12.00 Registration opens.
12.30 Lunch.
13.15 Introductions.
13.25 1. Towards practice oriented product design - themes and contexts.
13.35 2. Designers, users and products - examples and experiences. Short presentations from designers and design academics who have experience of using innovative methods to study products in use and relate this knowledge to design.
Graham Powell Guinea Pig Design and BIAD.
Susie Bowman and Charlie Hill Glasgow School of Art.
Jack Ingram Birmingham Institute of Art and Design.
Pete Booth Tin Horse.
Matt Watson Durham University.
14.45 3. Six Times Tables. Progressive discussions in dynamic small groups of issues emerging from presentations so far.
15.45 Afternoon tea.
16.15 4. Manifesto launch. Presentation of the Manifesto of Practice Oriented Product Design.
16.45 5. Manifesto remodelling. Small group revision, reformulation and reconstruction of the Manifesto.
18.00 End for day.
19.00 Dinner, then to the pub.

09.00 6. practicing POPD. In the same small groups as in 5 above, an exercise to interrogate POPD through attempt at critical application to empirical case study.
10.30 Coffee.
11.00 7. Harvey Molotch.
11.40 8. Manifestations. Groups will exhibit/present the outputs from remodelling the manifesto and practicing POPD.
12.40 9. Discussion, summing up - wither POPD?
13.00 Close.

POPD Manifesto
Designers fear they are the lackeys of capitalism. Of course they are. But they are also architects of society. They hold in their hands [a little bit of] the means to define the practices of which human experience and social order are constituted. Practice Oriented Product Design [POPD] recognises the opportunities and responsibilities this power entails. Of late, designers have been interested in User-Centred Design [UCD]. The radical idea - that products and services should be designed for the people who use them - is welcome progress. But it does not go far enough. UCD focuses on single products and on individual users; it encourages a fragmented pick-and-mix methodology for understanding user needs - needs which are taken to exist even before the designer's intervention.

POPD tenets:
POPD holds that practices are the basic unit of society. POPD renounces all approaches, whether in social science or in design, that focus on specific products or upon individual users.
POPD focuses on the routinised ways of doing, understanding, knowing, and desiring which comprise human experience and social structure at all scales. It is in the performance of practices that users and products come together, in complexes of skills, meanings, materialities and temporalities. It is in understanding the dynamics of practice and in identifying points for intervention that the power of POPD resides. POPD knows we are all PODers [practice oriented designers], engaged in assembling components of practice - products, competences, meanings -with skill and occasional creativity in the process of accomplishing everyday life. POPDers accept the limitations and opportunities this represents. POPD goes beyond the 'verbal' Kelley and Littman explain that IDEO thinks of products "in terms of verbs, not nouns: not cell-phones but cell-phoning". POPD has a more radical understanding of how practices structure society.
POPD realises that no object is an island so it attends to the relations between products, not to objects in isolation. POPD understands that history matters! Understanding the dynamics of practice means understanding continuities and patterns of co-evolution over time: look backwards to see forwards. POPD recognises that needs are made. Needs do not exist, ready made. They emerge from the dynamics of practice. Products, designers and consumers are all agents of change but none can change alone. Their interdependence defines and limits the scope of POPD. POPD assumes the relationality of value. Value does not reside in the product itself, nor in the meanings attached to it. Value emerges in practice, it is defined by relations between products, and between objects, skills, meanings and temporalities. Design success is situated and situational. POPD never ends! POPD is implicated in the long term evolution of practice. POPD refutes the temporal linearity of contemporary product design. POPD does not end when a product sits on shelf. That moment is but one in the POPDer's ongoing relationships with the practices in which they intervene.

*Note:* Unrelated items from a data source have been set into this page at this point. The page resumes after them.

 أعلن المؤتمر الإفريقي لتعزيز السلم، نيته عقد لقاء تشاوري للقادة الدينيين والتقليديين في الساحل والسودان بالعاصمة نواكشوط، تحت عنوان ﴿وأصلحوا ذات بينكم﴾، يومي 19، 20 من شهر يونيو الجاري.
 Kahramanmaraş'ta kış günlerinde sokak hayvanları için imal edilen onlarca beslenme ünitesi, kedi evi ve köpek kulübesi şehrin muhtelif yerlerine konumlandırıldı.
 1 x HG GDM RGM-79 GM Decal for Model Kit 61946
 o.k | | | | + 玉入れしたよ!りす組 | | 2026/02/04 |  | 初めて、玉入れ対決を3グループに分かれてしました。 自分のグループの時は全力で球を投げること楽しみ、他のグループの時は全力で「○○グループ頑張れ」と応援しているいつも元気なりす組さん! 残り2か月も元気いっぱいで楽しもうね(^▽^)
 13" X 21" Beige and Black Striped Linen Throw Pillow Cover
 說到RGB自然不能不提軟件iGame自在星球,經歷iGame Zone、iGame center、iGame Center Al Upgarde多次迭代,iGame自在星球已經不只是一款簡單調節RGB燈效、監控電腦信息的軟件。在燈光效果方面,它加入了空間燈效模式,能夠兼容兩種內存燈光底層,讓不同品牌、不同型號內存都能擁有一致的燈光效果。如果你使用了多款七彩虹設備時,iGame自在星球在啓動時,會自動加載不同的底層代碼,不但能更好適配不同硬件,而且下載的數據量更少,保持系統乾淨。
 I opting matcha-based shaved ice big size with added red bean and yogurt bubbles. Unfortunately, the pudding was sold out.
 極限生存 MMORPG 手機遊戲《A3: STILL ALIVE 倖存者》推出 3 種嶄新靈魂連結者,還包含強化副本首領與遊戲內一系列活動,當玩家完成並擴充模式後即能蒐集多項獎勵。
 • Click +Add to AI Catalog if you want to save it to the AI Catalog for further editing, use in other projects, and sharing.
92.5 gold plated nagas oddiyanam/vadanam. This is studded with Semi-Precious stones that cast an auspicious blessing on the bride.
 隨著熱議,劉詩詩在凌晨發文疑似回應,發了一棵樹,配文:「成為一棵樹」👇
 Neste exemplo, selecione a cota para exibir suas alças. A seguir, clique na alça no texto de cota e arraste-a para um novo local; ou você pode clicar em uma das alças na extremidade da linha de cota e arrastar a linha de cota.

By seizing hold of the means by which products intervene in practices, POPD shows destgners how they shape everyday life and the structures of society. POPD matters for designers who want to change the world and for those who want to sell more stuff.

POPD provides a critical understanding of design in cycles of production, consumption and use, It recognises the flow of meanings, competencies, purposes and products in which designers intervene. POPD integrates concepts from science and technology studies, consumption and design. POPDers are happy with terms like diffusion, innofusion, domestication and coevolution.

Methodologicallly POPDers study practices now and over time. This requires an eclectic and pragmatic approach: large scale data sets, statistics on the use of time, money and energy, market research, and detailed qualitative exploration of situated practice - all can help in following the traces of practice across time and space.

See also Heidi's Design Conferences blog post.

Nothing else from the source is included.